Jalur kegiatan bersepeda kali ini lumayan seru bagi saya. Bersepeda di sekiataran ekosistem Taman Nasional Gunung Leuser yang memang sudah terkenal keasriannya.
Saya memulai kegiatan ini dari ketinggian sekitar 1200 mdpl hingga seingat saya mencapai ketinggian sekitar 1600 mdpl sebelum meliuk menurun ringan menyusuri belantara yang terbelah aspal.
Kabut tebal masih membayangi kayuhan saya memotong kesunyian dengan siulan parau, mencoba memancing burung pagi agar ikut bernyanyi.
Saat berangkat memang saya hanya disuguhi tanjakan yang memaksa saya menggunakan perseneling terendah, terkadang kayuhan saya sampai mengangkat roda depan yang mengerti betapa kerasnya keinginan saya melintasi ekosistem terebut.
Ketika usai saya melibas tanjakan panjang, saya disuguhi jalanan landai yang meliuk, memanjakan kaki saya untuk lebih bersantai. Beberapa kali kibasan sayap burung rangkok mengagetkan saya ketika terbang di antara rimbunya tanaman hutan hujan tropis yang hanya berjarak beberapa depa dari saya bersantai menikmati sebungkus mie instan dan air segar dari mata air yang mengalir di dekat tempat saya melepas lelah.
Beberapa lokasi memaksa saya lebih berhati-hati karena longsor yang memang sepertinya rentan terjadi di sepanjang rute tersebut. Saya sangat bahagia namun bercampur haru ketika menemukan jalan yang menurun di depan saya, bahagia karena tidak perlu mengayuh keras, namun haru karena nanti ketika saya pulang jalan tersebut menjadi tanjakan bagi saya.

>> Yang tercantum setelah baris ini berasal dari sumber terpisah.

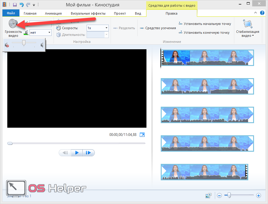 Есть еще один способ регулировки громкости . Для этого выберите на шкале раскадровки аудио или видео файл, для которого нужно определить уровень звука. Затем щелкните по меню «Клип», наведите курсор на «Аудио» и в появившемся списке нажмите на «Громкость». В шкале сделайте нужные настройки.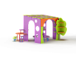 ДОУ 5.04 предназначен для организации занятий с детьми в летний период, с группой детей или по подгруппам. Скамейки внутри беседки позволяют удобно разместить подгруппу детей при организации бесед, чтения художественной литературы, занятий с педагогом-психологом. Беседка многофункциональна, в ней удачно сочетаются полки для размещения пособий, книг, иллюстраций, столы различных размеров для рисования, упражнений для развития мелкой моторики рук. Крыша беседки выполнена из специальных волнообразных панелей, расположенных на расстоянии друг от друга для естественного освещения и дополнительной вентиляции, для размещения пособий для дыхательной гимнастики. Сквозные отверстия разного диаметра и горизонтальные прорези носят не только декоративный характер, но могут использоваться для оформления выставок детских работ. Отсутствие стенок делает доступным для детей каждый из предметов.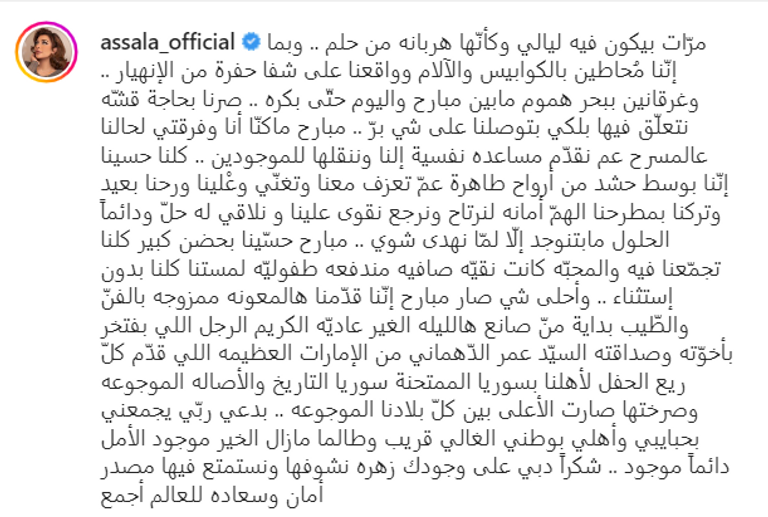 وأضافت أصالة: "إمبارح ما كنّا أنا وفرقتي لحالنا عالمسرح عم نقدم مساعدة نفسية إلنا وننقلها للموجودين، كلنا حسينا إننا بوسط حشد من أرواح طاهرة عم تعزف معنا وتغني وعلينا ورحنا بعيد وتركنا بمطرحنا الهم أمانة، لنرتاح ونرجع نقوى علينا نلاقي له حل، ودائما الحلول ما بتنوجد إلا لما نهدى شوي".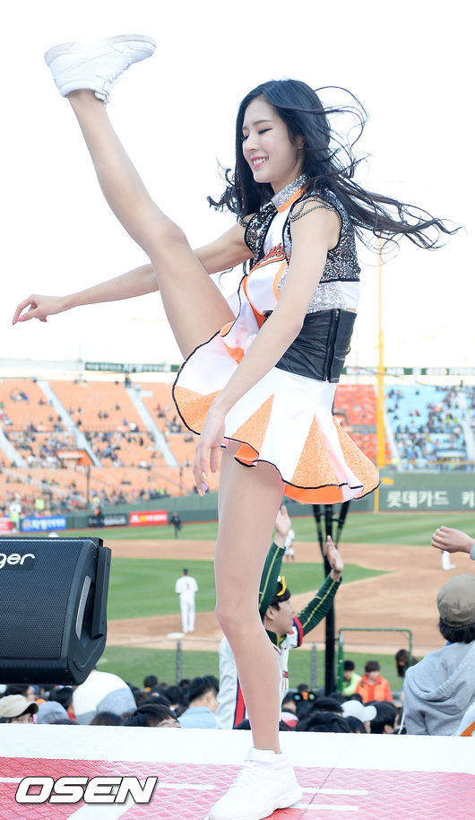 11일 오후 부산 사직구장서 열린 '2015 타이어뱅크 KBO 리그' 롯데 자이언츠와 한화 이글스의 경기, 롯데 치어리더 박기량이 화려한 무대를 선보이고 있다.

Beberapa plang penunjuk jalan ada bekas tembakan peluru yang membabi buta. Dilhat dari kekuatan dan ukurannya, sepertinya itu hanyalah senapan angin yang sengaja di arahkan ke plang tersebut. Apabila proyektil peluru asli tentu saja sudah menembus plang tersebut.
Hingga sampai ke daerah yang lebih sempit, lembab serta sepi yang semakin menjadi dengan pepohonan yang membentuk gapura sepanjang mata memandang. Kabut menjadi hujan, saya hanya membawa mantel bagian atas saja saat itu. Merelakan bagian bawah saya terbasahi oleh dinginya air hujan siang itu. Seusai melewati jembatan besi, saya berhenti sejenak sembari menghitung waktu tempuh yang saya perlukan hingga lokasi tersebut.

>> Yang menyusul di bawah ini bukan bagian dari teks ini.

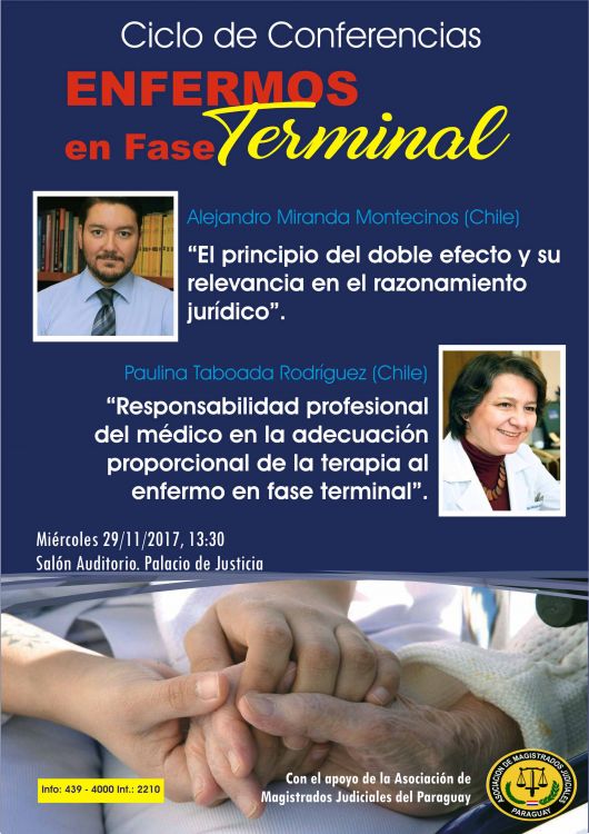 El ciclo de conferencias impulsado por el Instituto de Investigaciones Jurídicas (IIJ), dependiente de la Corte Suprema de Justicia, denominado "La Protección de la Persona Humana - Enfermos en fase Terminal" tiene prevista su clausura el próximo miércoles 29 de noviembre. Se llevará a cabo en el Salón Auditorio del Palacio de Justicia de Asunción, a partir de las 13:30.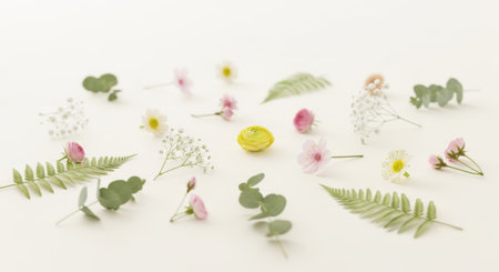 A flat lay image captures a collection of delicate spring flowers and green foliage scattered artfully across a clean white surface. The composition includes small pink blossoms and buds, tiny white flowers reminiscent of baby's breath, and a prominent yellow flower bud near the center. Interspersed among the blooms are fresh green elements, including rounded eucalyptus leaves and slender fern fronds. The arrangement evokes a sense of freshness, minimalism, and gentle beauty, suitable for use as a background or decorative element.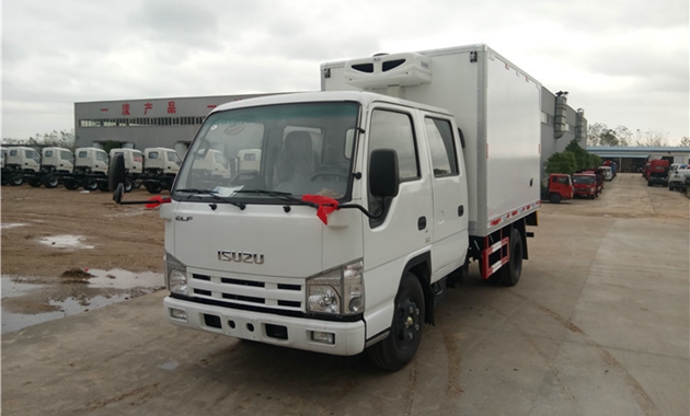 五十鈴雙排冷藏車底盤配置: 慶鈴雙排3.15米冷藏車,國五排放標準,柴油,雙排駕駛室,藍牌,整車型號:CLW5043XLCQ5,底盤型號:QL1040A6HWY,準乘人數2+3人,五十鈴4KH1CN5LS發動機,功率72kw,98馬力,5檔變速箱,方向助力,駕駛室空調,帶ABS,油剎,駕駛室無翻轉,6.50R16鋼絲胎,3360軸距,總質量4495kg,整備質量2660kg,額定載質量1510kg,箱體內尺寸:3150×1750×1750(mm) 廂體配置: 廂體采用聚酯濕法制板工藝和玻璃纖維加強全木廂體框架結構,全封閉聚氨酯板塊粘接法;保溫性能達到國家A級標準。 廂板材質:內外壁板選用國內優質的2.5mm納米玻璃鋼(不吸光、隔熱性好、硬度強、抗氧化);中間保溫材料為無空隙填充進口聚氨酯發泡;廂體厚度80mm,門厚度80mm;廂體底部為鋁合金花紋板或選平面納米玻璃鋼; 配件:廂體周邊鋁合金包邊,不銹鋼包角,不銹鋼門鎖,防碰膠皮4塊,不銹鋼門框, 不銹鋼合頁,箱內節能照明燈; 廂體厚度可選100mm、120mm,內外壁板可選裝玻璃鋼、彩鋼板、不銹鋼、鋁合金。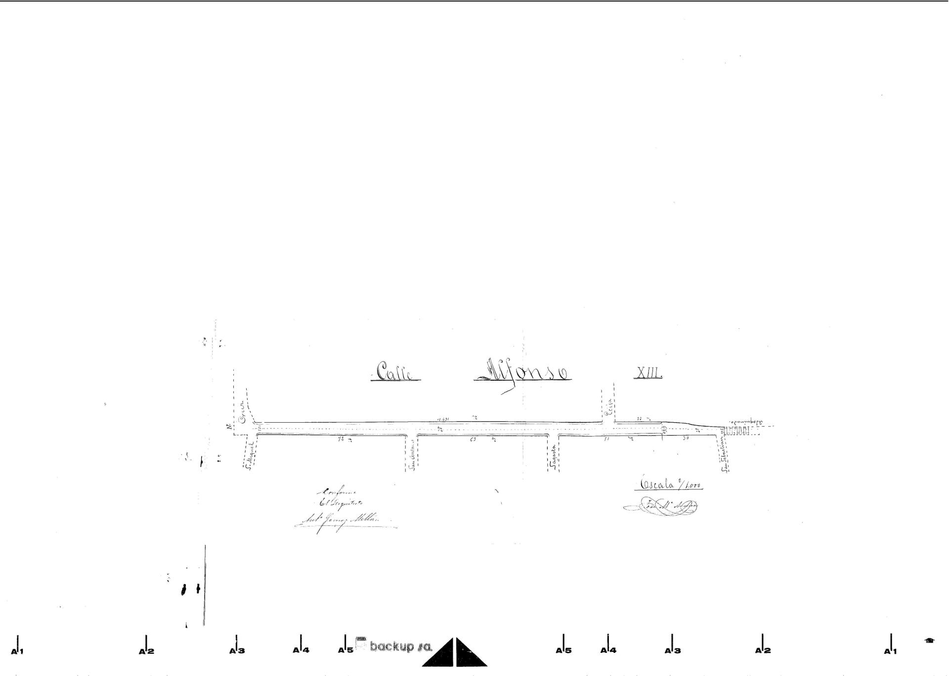 | 500 | ## | $aAparece la calle Alfonso XIII con sñalización de la zona a pavimentar del adoquinado y mediciones | 500 | ## | $aAdemás aparecen las calles colindantes como S. Miguel, San Antonio, Sagasta, San Sebastián y Ecija | 500 | ## | $aPegado en el centro | 500 | ## | $aLa escala aparece con 2:1000 |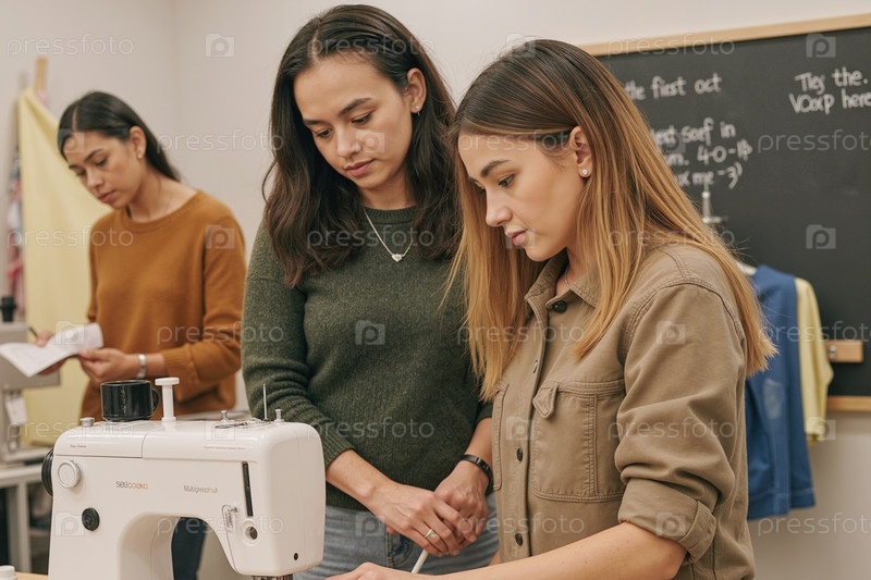 Мультиэтнические женщины, сотрудничающие во время шитья в классе

-Ternyata banyak cerita menyeramkan seputar jembatan besi tersebut, beruntung saya mendengarnya beberapa waktu setelah kegiatan bersepeda nekat ini-
Akhirnya karena suasana semakin gelap karena kabut walaupun hari masih setengah umunya, saya sudah terlanjur basah dan tak mau bertaruh untuk meneruskan perjalanan yang masih belum saya tahu seperti apa medan di depan sana.
Waktu tempuh berangkat yang mencapai 4-5 jam, bisa saya lipat menjadi sekitar 1 jam saat kembali pulang. Ini menunjukkan rasio jalan menanjak yang memang mencapai lebih dari 75%. Sesampainya di rumah kontrakan, teman-teman saya cukuplah menggelengkan kepala atas apa yang saya lakukan. Kurang kerjaan bukan, hanya kurang hiburan saja sebenarnya.
Melewati tanjakan panjang saat berangkat, tinggallah jalanan menurun saat kembali pulang
Perjalanan tidaklah diukur dari seberapa jauh, seberapa lama atau seberapa tinggi yang telah terlewati. Perjalanan diukur dari kedewasaan dalam mengambil tiap makna pelajaran dan pembelajaran dalam prosesnya.
Makna apa yang saya dapatkan dari perjalanan kali ini? Rahasia π
Salam gowess…..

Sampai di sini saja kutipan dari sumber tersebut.